# Wood/Coal Furnace Identification - Energy Tech



## pconn171 (Nov 29, 2007)

I cannot find any information on wood furnace that I have in my basement.  I want to get the unit running, but I may need some parts for it.  I'm assuming the company is either out of business or has been bought out by someone, but regardless, I need to find someone that may still support the product.  My information on the unit is as follows:
The door is labeled "Energy Tech"
The label has the following:
Energy Conservation and Technology Corporation
Model 8020
Fuel: wood/coal

That's all I can remember, but I believe the label also mentioned that the company was in Wisconsin and the unit was built in 1981.  Any help is appreciated.  Thank you.


----------



## Gooserider (Dec 1, 2007)

pconn171 said:
			
		

> I cannot find any information on wood furnace that I have in my basement.  I want to get the unit running, but I may need some parts for it.  I'm assuming the company is either out of business or has been bought out by someone, but regardless, I need to find someone that may still support the product.  My information on the unit is as follows:
> The door is labeled "Energy Tech"
> The label has the following:
> Energy Conservation and Technology Corporation
> ...



It might help if you can post some pictures of the label and the unit itself, especially any distinguishing parts like the door, firebox setup, stuff like that...

Gooserider


----------



## derbygreg (Dec 1, 2007)

I am pretty sure the 8020 stands for 80 percent wood 20 percent coal.
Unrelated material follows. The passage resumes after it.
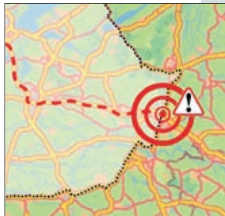
As soon as the vehicle crosses the digital fence, an alert is triggered.

GPS-based geofencing allows users to monitor vehicles and mobile assets. Rental fleet operators, for example, use geofencing to restrict the use of their vehicles to certain countries. Building and construction companies protect machinery and equipment, or transport companies protect valuable assets against theft by defining a „digital fence“ around construction sites or routes.

get pics posted like gooserider says


----------



## dhower (Dec 31, 2007)

I also have the same Energy Tech unit hooked up as an add-on wood furnance Installed prior to 1982 by the prior owner of the house. I can not find any info on the comapny. The HVAC company who installed it is still in business in washington pa. I talked with the parts dept guy about replacement grates but they were no help (I want to burn anthricite in mine) If you have any questions on your unit let me know.


----------